→ Task statement
Without including any pictures, write out all the records word for word.

→ Data extract
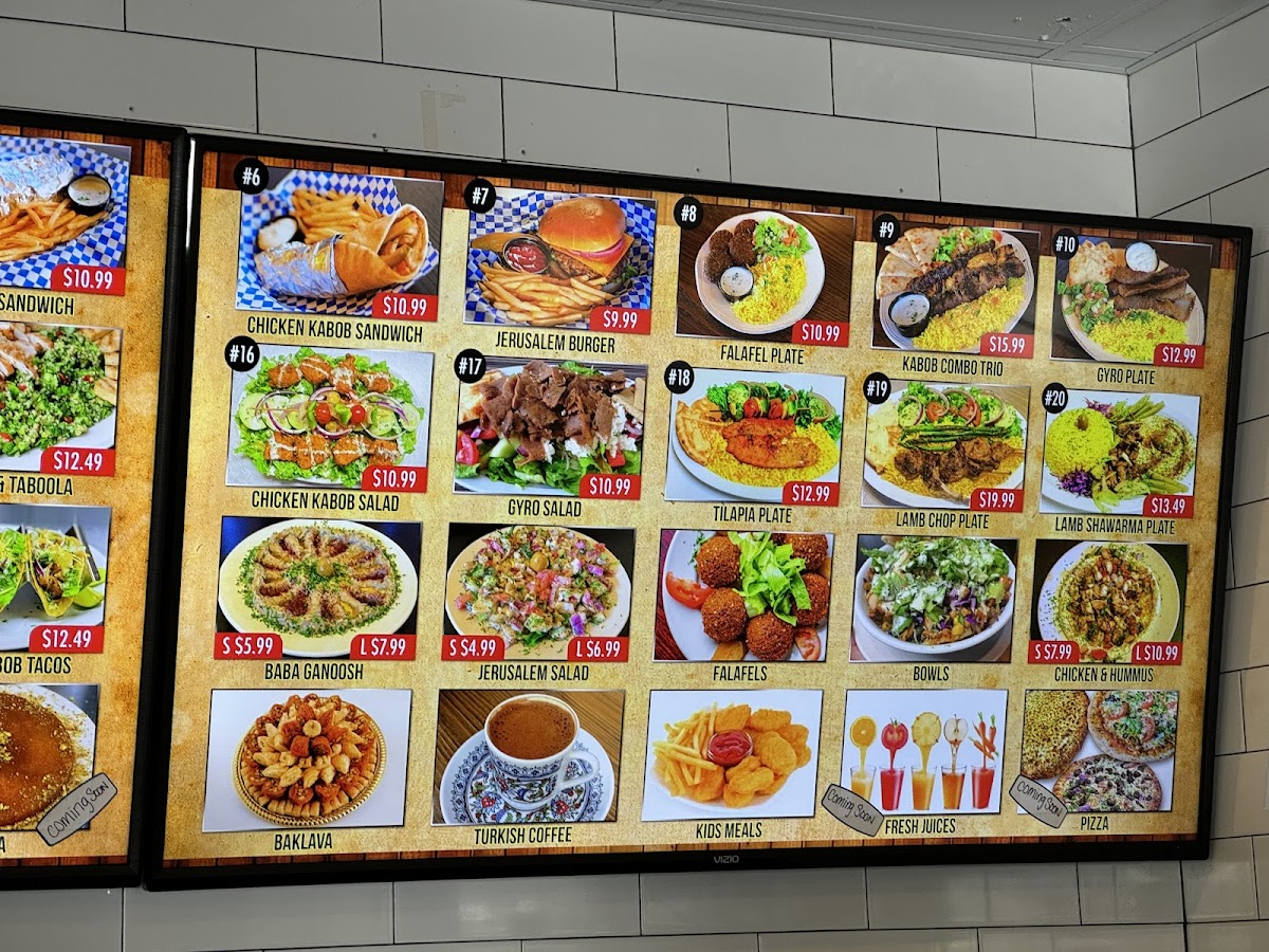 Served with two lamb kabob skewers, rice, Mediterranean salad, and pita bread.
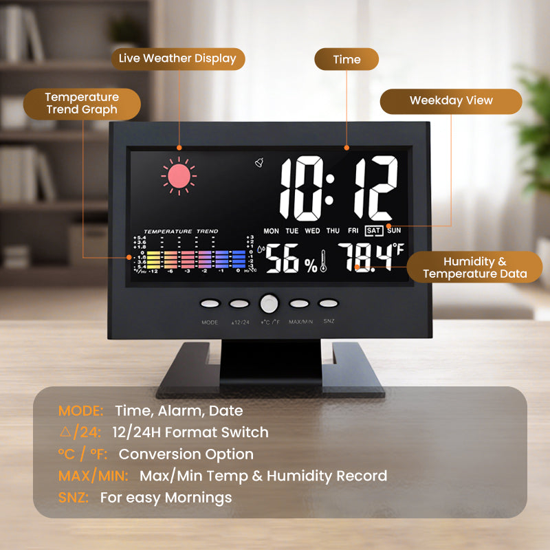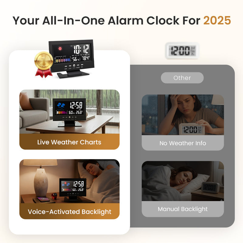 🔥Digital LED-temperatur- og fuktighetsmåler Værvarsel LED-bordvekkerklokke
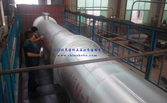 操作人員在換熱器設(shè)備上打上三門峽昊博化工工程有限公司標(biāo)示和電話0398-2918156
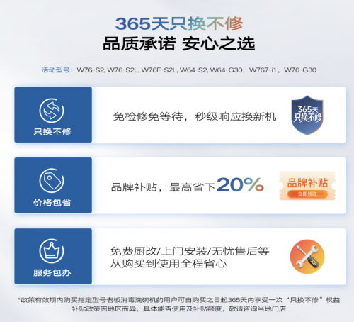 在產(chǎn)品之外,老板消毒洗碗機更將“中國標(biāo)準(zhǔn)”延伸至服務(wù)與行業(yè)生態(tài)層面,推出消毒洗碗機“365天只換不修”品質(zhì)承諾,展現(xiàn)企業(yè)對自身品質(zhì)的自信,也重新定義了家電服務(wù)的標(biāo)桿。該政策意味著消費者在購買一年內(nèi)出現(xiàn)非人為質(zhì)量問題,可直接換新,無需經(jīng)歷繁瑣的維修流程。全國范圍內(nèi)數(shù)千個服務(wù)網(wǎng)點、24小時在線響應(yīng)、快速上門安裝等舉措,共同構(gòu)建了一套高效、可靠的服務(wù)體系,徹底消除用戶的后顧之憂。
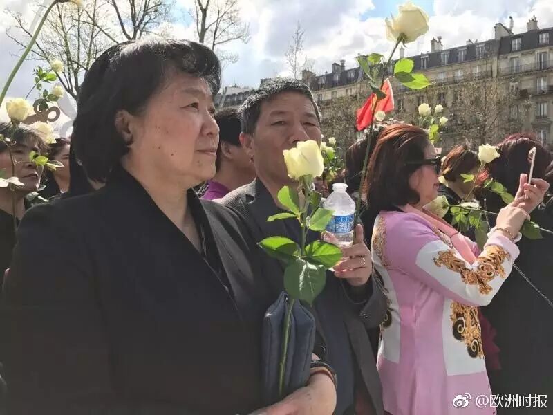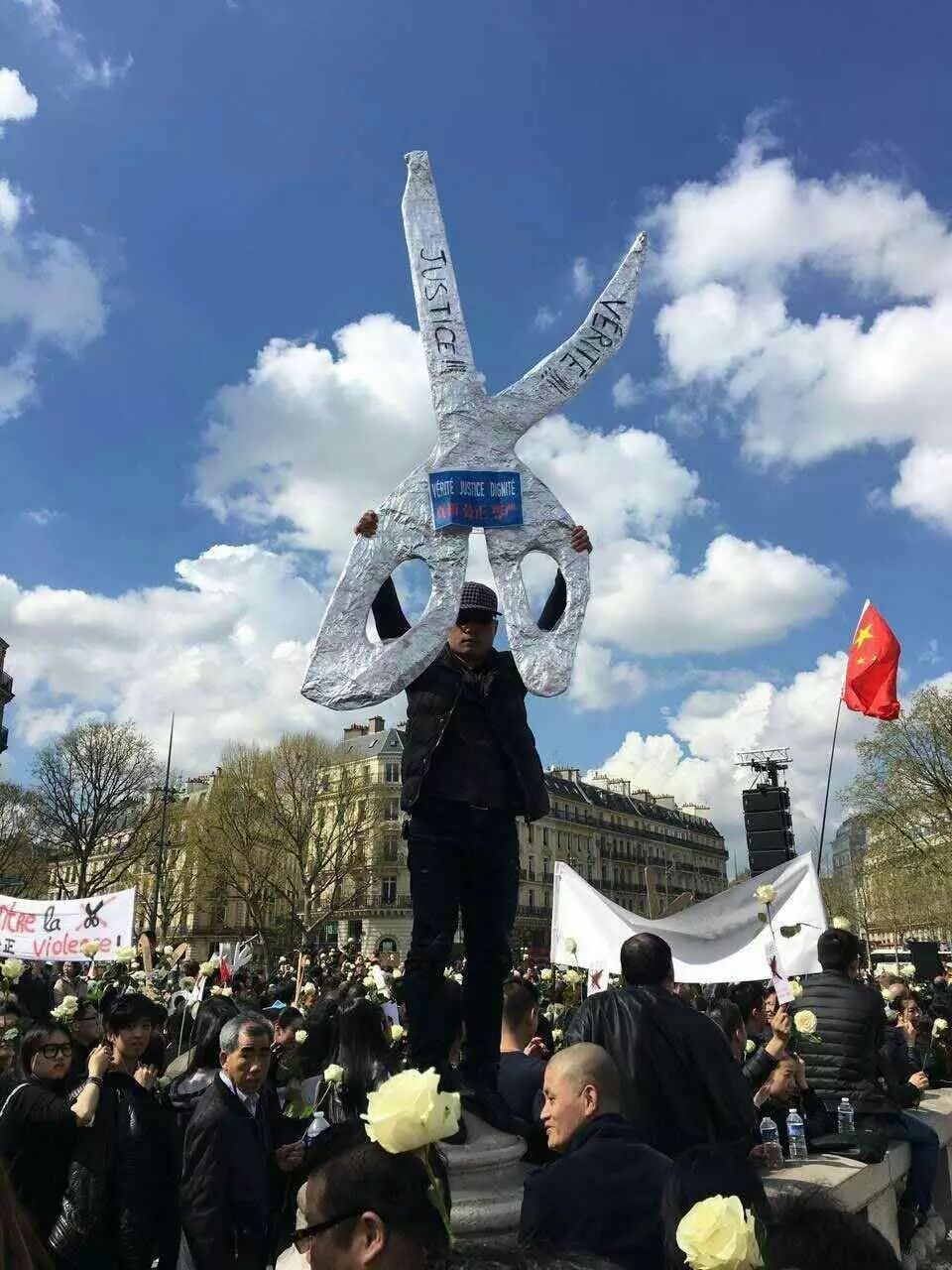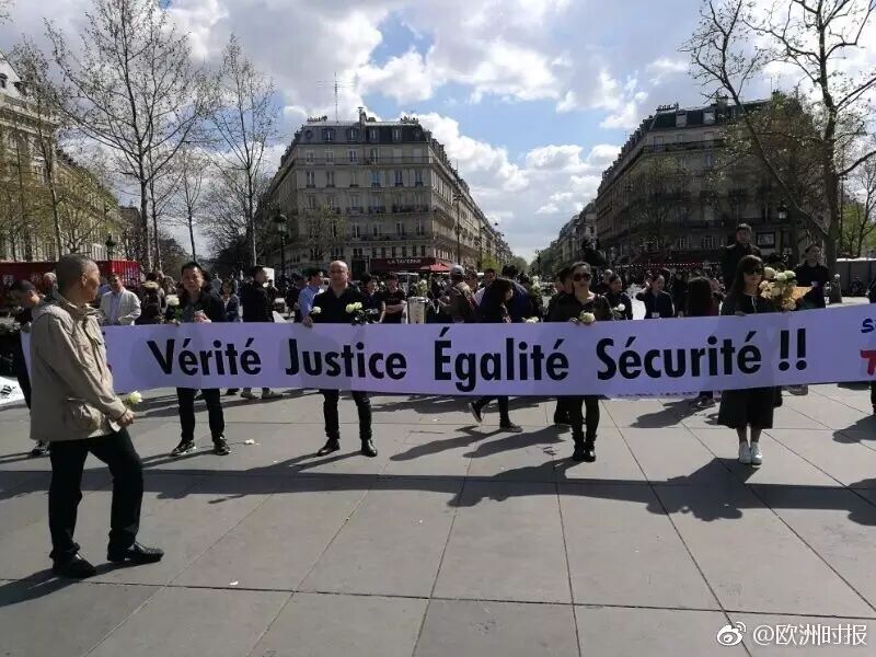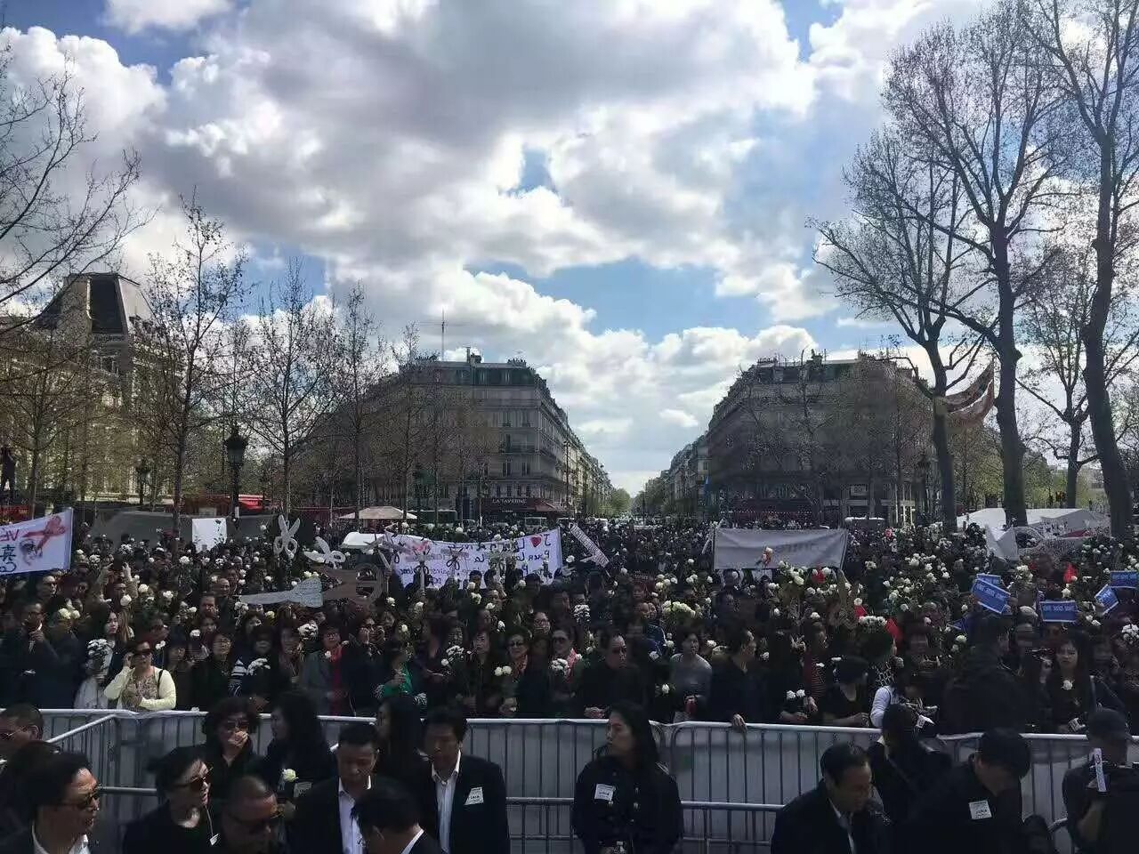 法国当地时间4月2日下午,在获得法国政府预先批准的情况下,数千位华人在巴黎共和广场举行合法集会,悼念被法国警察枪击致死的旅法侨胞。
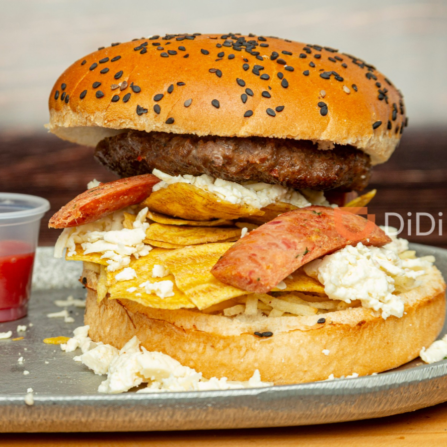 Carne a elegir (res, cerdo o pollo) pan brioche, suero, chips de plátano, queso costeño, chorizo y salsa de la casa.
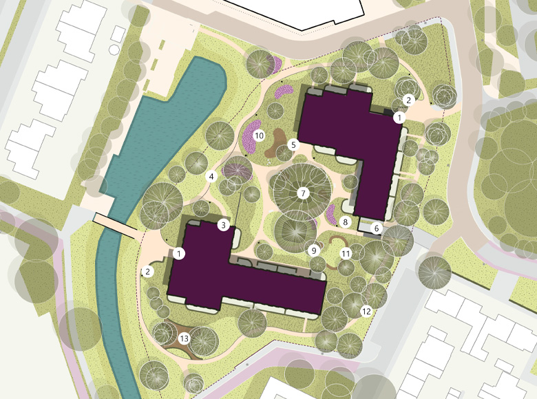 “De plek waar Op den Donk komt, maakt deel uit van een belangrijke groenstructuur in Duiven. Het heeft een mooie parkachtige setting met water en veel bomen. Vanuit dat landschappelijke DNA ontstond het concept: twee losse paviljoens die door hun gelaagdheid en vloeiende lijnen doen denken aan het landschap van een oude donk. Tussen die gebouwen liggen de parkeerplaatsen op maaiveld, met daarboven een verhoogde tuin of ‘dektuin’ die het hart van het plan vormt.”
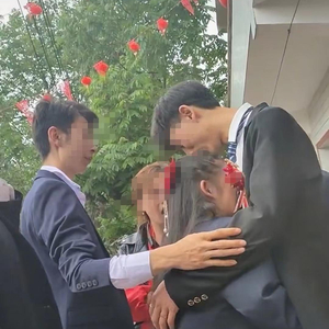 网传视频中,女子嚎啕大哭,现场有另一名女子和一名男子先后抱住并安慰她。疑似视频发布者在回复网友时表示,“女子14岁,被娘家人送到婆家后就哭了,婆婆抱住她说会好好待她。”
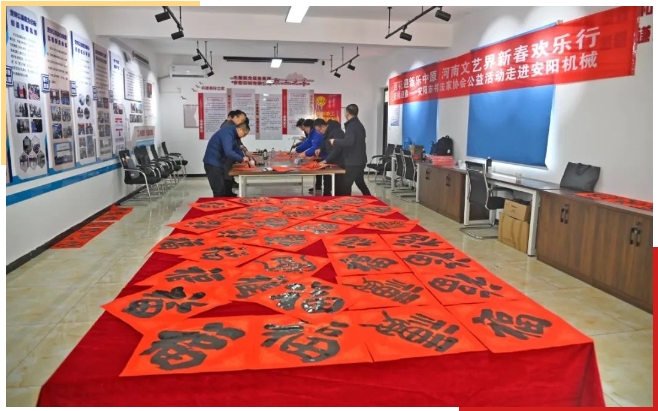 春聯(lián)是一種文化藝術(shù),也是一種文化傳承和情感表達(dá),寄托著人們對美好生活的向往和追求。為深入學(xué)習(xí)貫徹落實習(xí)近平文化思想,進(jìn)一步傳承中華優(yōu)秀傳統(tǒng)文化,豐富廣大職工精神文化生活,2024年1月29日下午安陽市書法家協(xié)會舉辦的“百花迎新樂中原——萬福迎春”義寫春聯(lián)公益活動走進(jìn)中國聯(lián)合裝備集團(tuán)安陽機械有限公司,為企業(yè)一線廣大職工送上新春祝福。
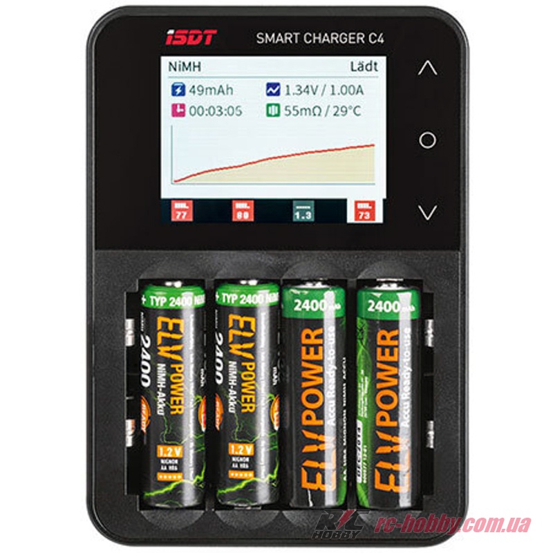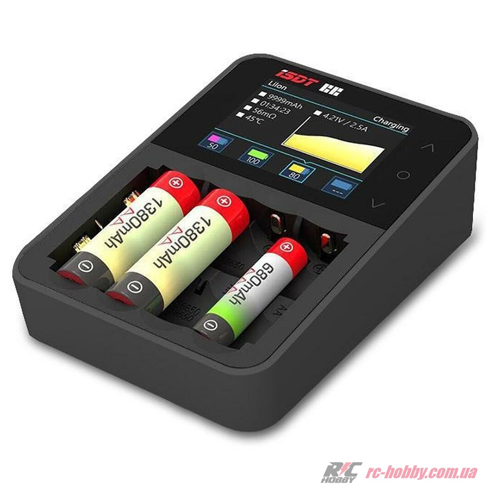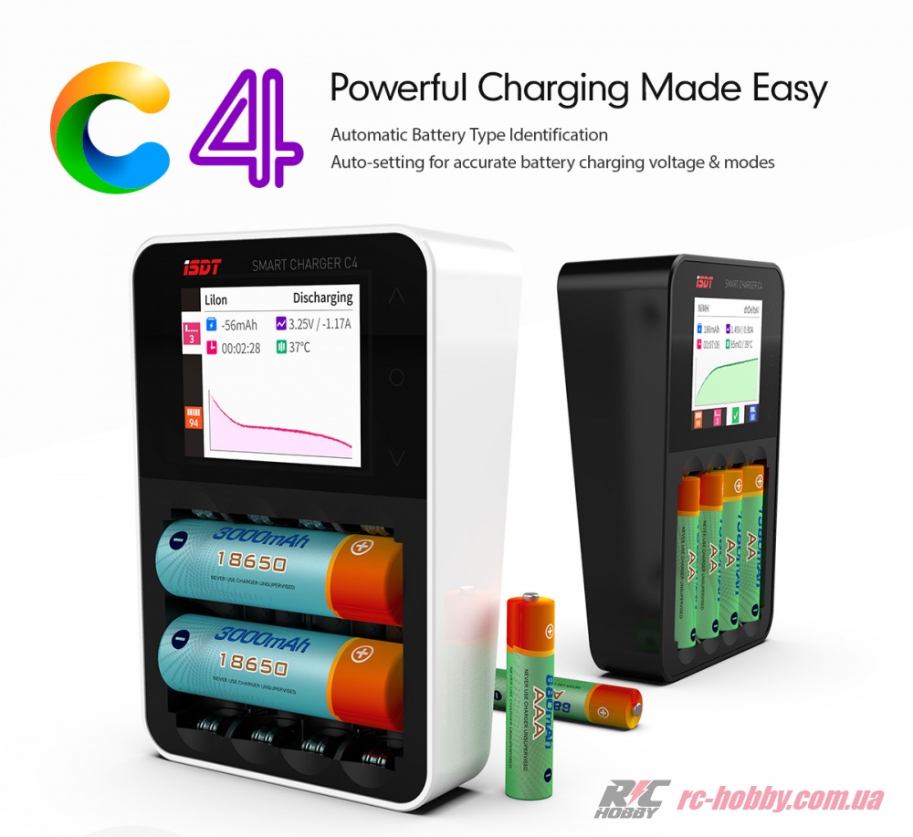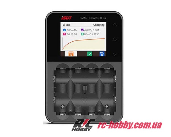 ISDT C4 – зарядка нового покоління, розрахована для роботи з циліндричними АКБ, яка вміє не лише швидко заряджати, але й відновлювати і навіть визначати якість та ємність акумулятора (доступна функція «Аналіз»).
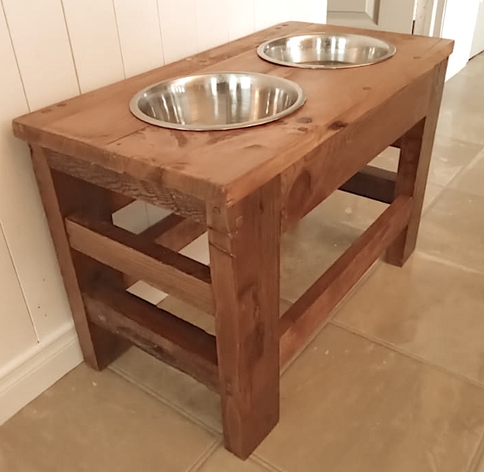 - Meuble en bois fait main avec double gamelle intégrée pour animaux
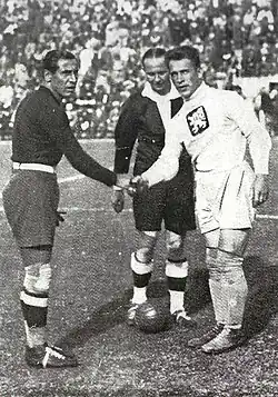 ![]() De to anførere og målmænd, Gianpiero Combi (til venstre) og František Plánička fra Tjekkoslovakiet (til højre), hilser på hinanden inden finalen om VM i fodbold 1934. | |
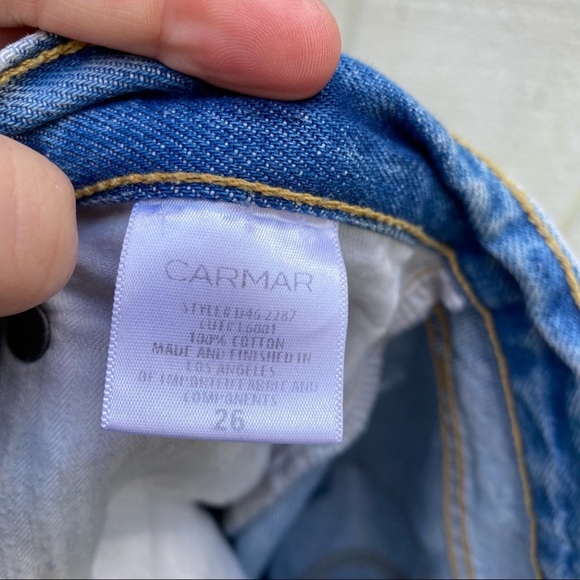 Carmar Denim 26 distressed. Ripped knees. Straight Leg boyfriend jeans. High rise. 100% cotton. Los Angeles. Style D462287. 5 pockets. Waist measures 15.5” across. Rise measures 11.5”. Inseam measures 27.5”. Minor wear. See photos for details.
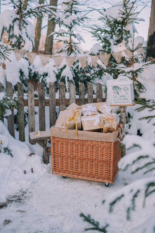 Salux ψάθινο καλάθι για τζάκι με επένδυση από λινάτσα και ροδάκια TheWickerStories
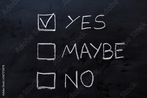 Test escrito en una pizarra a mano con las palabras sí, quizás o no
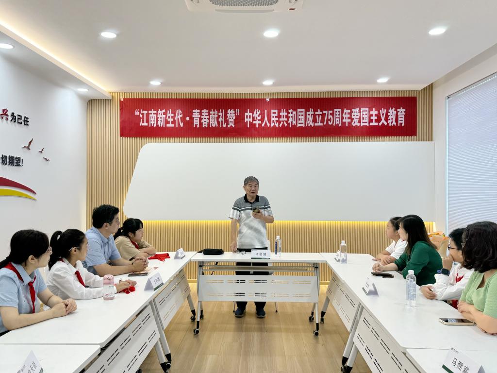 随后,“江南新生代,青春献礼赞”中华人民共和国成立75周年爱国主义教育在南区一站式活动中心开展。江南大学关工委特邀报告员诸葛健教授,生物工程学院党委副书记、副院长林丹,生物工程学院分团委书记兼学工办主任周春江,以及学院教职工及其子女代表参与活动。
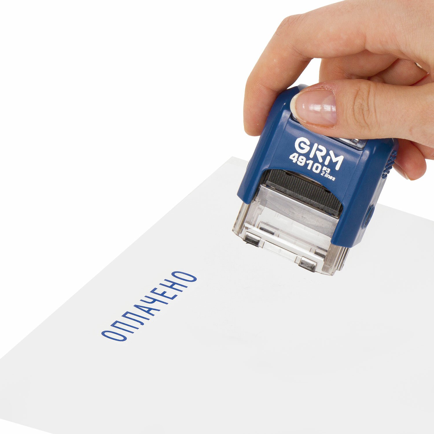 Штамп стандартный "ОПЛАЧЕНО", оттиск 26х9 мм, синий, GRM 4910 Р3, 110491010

→ Expected answer
 Served with two lamb kabob skewers, rice, Mediterranean salad, and pita bread.
 🔥Digital LED-temperatur- og fuktighetsmåler Værvarsel LED-bordvekkerklokke
 操作人員在換熱器設(shè)備上打上三門峽昊博化工工程有限公司標(biāo)示和電話0398-2918156
 在產(chǎn)品之外,老板消毒洗碗機更將“中國標(biāo)準(zhǔn)”延伸至服務(wù)與行業(yè)生態(tài)層面,推出消毒洗碗機“365天只換不修”品質(zhì)承諾,展現(xiàn)企業(yè)對自身品質(zhì)的自信,也重新定義了家電服務(wù)的標(biāo)桿。該政策意味著消費者在購買一年內(nèi)出現(xiàn)非人為質(zhì)量問題,可直接換新,無需經(jīng)歷繁瑣的維修流程。全國范圍內(nèi)數(shù)千個服務(wù)網(wǎng)點、24小時在線響應(yīng)、快速上門安裝等舉措,共同構(gòu)建了一套高效、可靠的服務(wù)體系,徹底消除用戶的后顧之憂。
 法国当地时间4月2日下午,在获得法国政府预先批准的情况下,数千位华人在巴黎共和广场举行合法集会,悼念被法国警察枪击致死的旅法侨胞。
 Carne a elegir (res, cerdo o pollo) pan brioche, suero, chips de plátano, queso costeño, chorizo y salsa de la casa.
 “De plek waar Op den Donk komt, maakt deel uit van een belangrijke groenstructuur in Duiven. Het heeft een mooie parkachtige setting met water en veel bomen. Vanuit dat landschappelijke DNA ontstond het concept: twee losse paviljoens die door hun gelaagdheid en vloeiende lijnen doen denken aan het landschap van een oude donk. Tussen die gebouwen liggen de parkeerplaatsen op maaiveld, met daarboven een verhoogde tuin of ‘dektuin’ die het hart van het plan vormt.”
 网传视频中,女子嚎啕大哭,现场有另一名女子和一名男子先后抱住并安慰她。疑似视频发布者在回复网友时表示,“女子14岁,被娘家人送到婆家后就哭了,婆婆抱住她说会好好待她。”
 春聯(lián)是一種文化藝術(shù),也是一種文化傳承和情感表達(dá),寄托著人們對美好生活的向往和追求。為深入學(xué)習(xí)貫徹落實習(xí)近平文化思想,進(jìn)一步傳承中華優(yōu)秀傳統(tǒng)文化,豐富廣大職工精神文化生活,2024年1月29日下午安陽市書法家協(xié)會舉辦的“百花迎新樂中原——萬福迎春”義寫春聯(lián)公益活動走進(jìn)中國聯(lián)合裝備集團(tuán)安陽機械有限公司,為企業(yè)一線廣大職工送上新春祝福。
 ISDT C4 – зарядка нового покоління, розрахована для роботи з циліндричними АКБ, яка вміє не лише швидко заряджати, але й відновлювати і навіть визначати якість та ємність акумулятора (доступна функція «Аналіз»).
 - Meuble en bois fait main avec double gamelle intégrée pour animaux
 ![]() De to anførere og målmænd, Gianpiero Combi (til venstre) og František Plánička fra Tjekkoslovakiet (til højre), hilser på hinanden inden finalen om VM i fodbold 1934. | |
 Carmar Denim 26 distressed. Ripped knees. Straight Leg boyfriend jeans. High rise. 100% cotton. Los Angeles. Style D462287. 5 pockets. Waist measures 15.5” across. Rise measures 11.5”. Inseam measures 27.5”. Minor wear. See photos for details.
 Salux ψάθινο καλάθι για τζάκι με επένδυση από λινάτσα και ροδάκια TheWickerStories
 Test escrito en una pizarra a mano con las palabras sí, quizás o no
 随后,“江南新生代,青春献礼赞”中华人民共和国成立75周年爱国主义教育在南区一站式活动中心开展。江南大学关工委特邀报告员诸葛健教授,生物工程学院党委副书记、副院长林丹,生物工程学院分团委书记兼学工办主任周春江,以及学院教职工及其子女代表参与活动。
 Штамп стандартный "ОПЛАЧЕНО", оттиск 26х9 мм, синий, GRM 4910 Р3, 110491010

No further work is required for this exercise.